What the exercise asks:
Your job here is to restate every record exactly, pictures excluded.

Material provided:
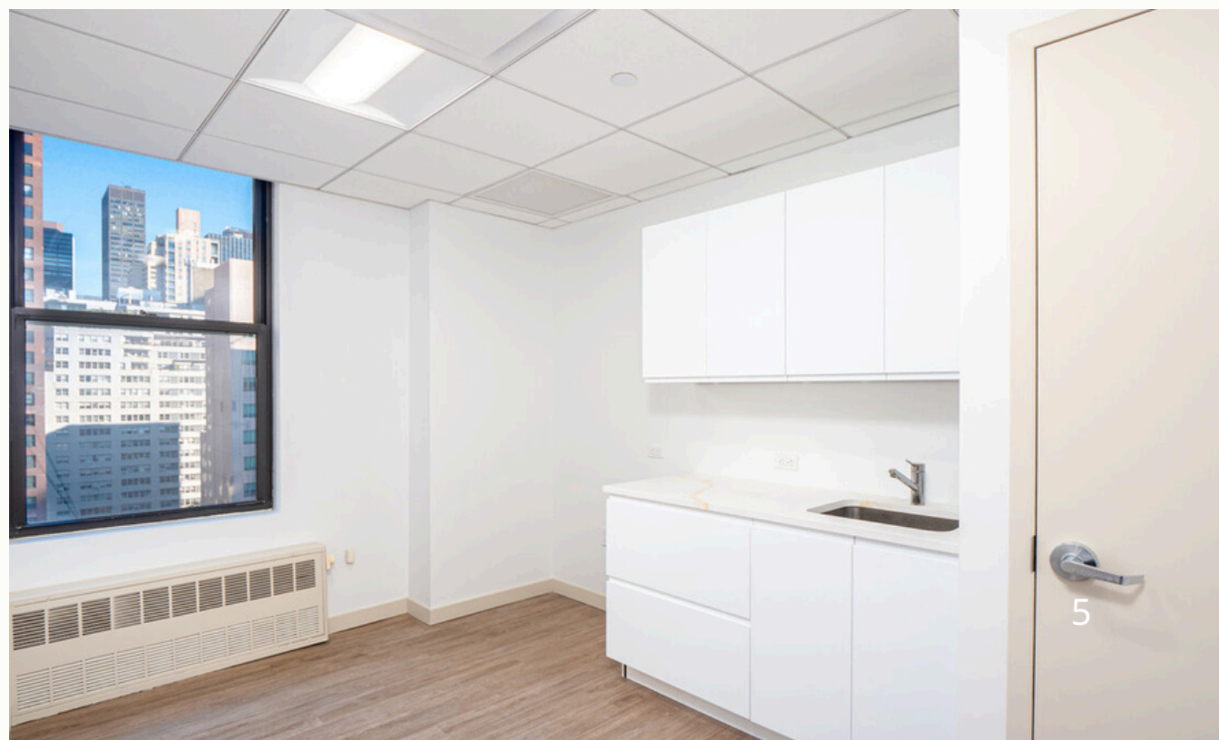
OFFICE | 11 TH FLOOR
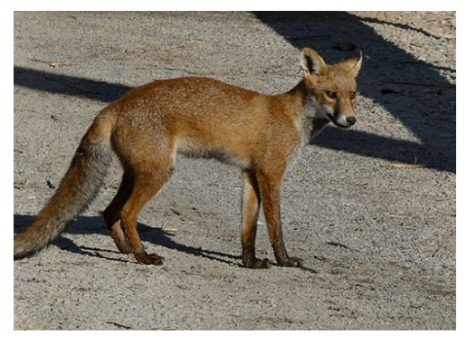
The loser of the fox fight on the Causeway

Come late October 2022 the new multi-million dollar raised Causeway was complete and finally opened, and then it bucketed again. This time the bulk of the water came off the farms to the north, spilling the north lake into the south lake ... but it rose and rose, reaching a metre above road level by November, and the road has remained closed since. Serious concrete bollards stop even the silliest 4WD'ers. The relatively new pump and pipe along Jones Rd to the Lakesview Canal remained silent.
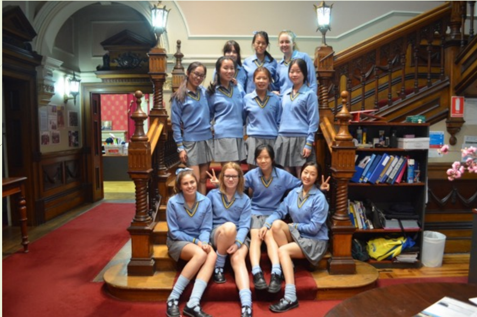
First day of school for our Year 12 Boarders 2015
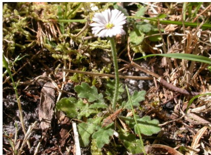
RS Lagenophora stipitata

mountain needlebush small tree to 6m; leaves cylindrical sharply pointed; flowers white; fruit almost round with short beak and warty surface
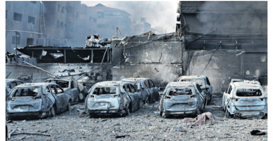
Charred cars at the site of an Israeli airstrike in Dahiyeh, Beirut, on Sunday.

Israel hits mosque sheltering displaced people
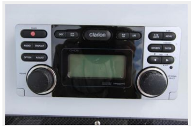
Clarion CMD8 Marine Stereo
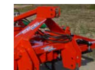
Third point linkage
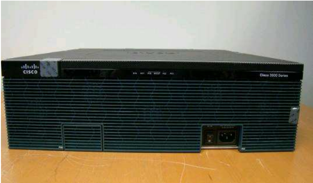
Figure 7: Cisco 3925 ISR Front
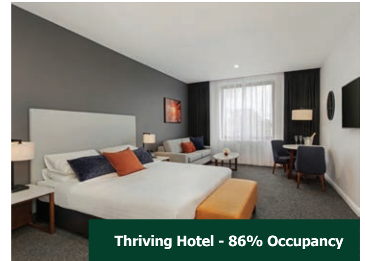
Thriving Hotel - 86% Occupancy
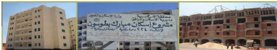
Figure 3 Type of social housing provided by private sector.

Answer area:
OFFICE | 11 TH FLOOR
The loser of the fox fight on the Causeway

Come late October 2022 the new multi-million dollar raised Causeway was complete and finally opened, and then it bucketed again. This time the bulk of the water came off the farms to the north, spilling the north lake into the south lake ... but it rose and rose, reaching a metre above road level by November, and the road has remained closed since. Serious concrete bollards stop even the silliest 4WD'ers. The relatively new pump and pipe along Jones Rd to the Lakesview Canal remained silent.
First day of school for our Year 12 Boarders 2015
RS Lagenophora stipitata

mountain needlebush small tree to 6m; leaves cylindrical sharply pointed; flowers white; fruit almost round with short beak and warty surface
Charred cars at the site of an Israeli airstrike in Dahiyeh, Beirut, on Sunday.

Israel hits mosque sheltering displaced people
Clarion CMD8 Marine Stereo
Third point linkage
Figure 7: Cisco 3925 ISR Front
Thriving Hotel - 86% Occupancy
Figure 3 Type of social housing provided by private sector.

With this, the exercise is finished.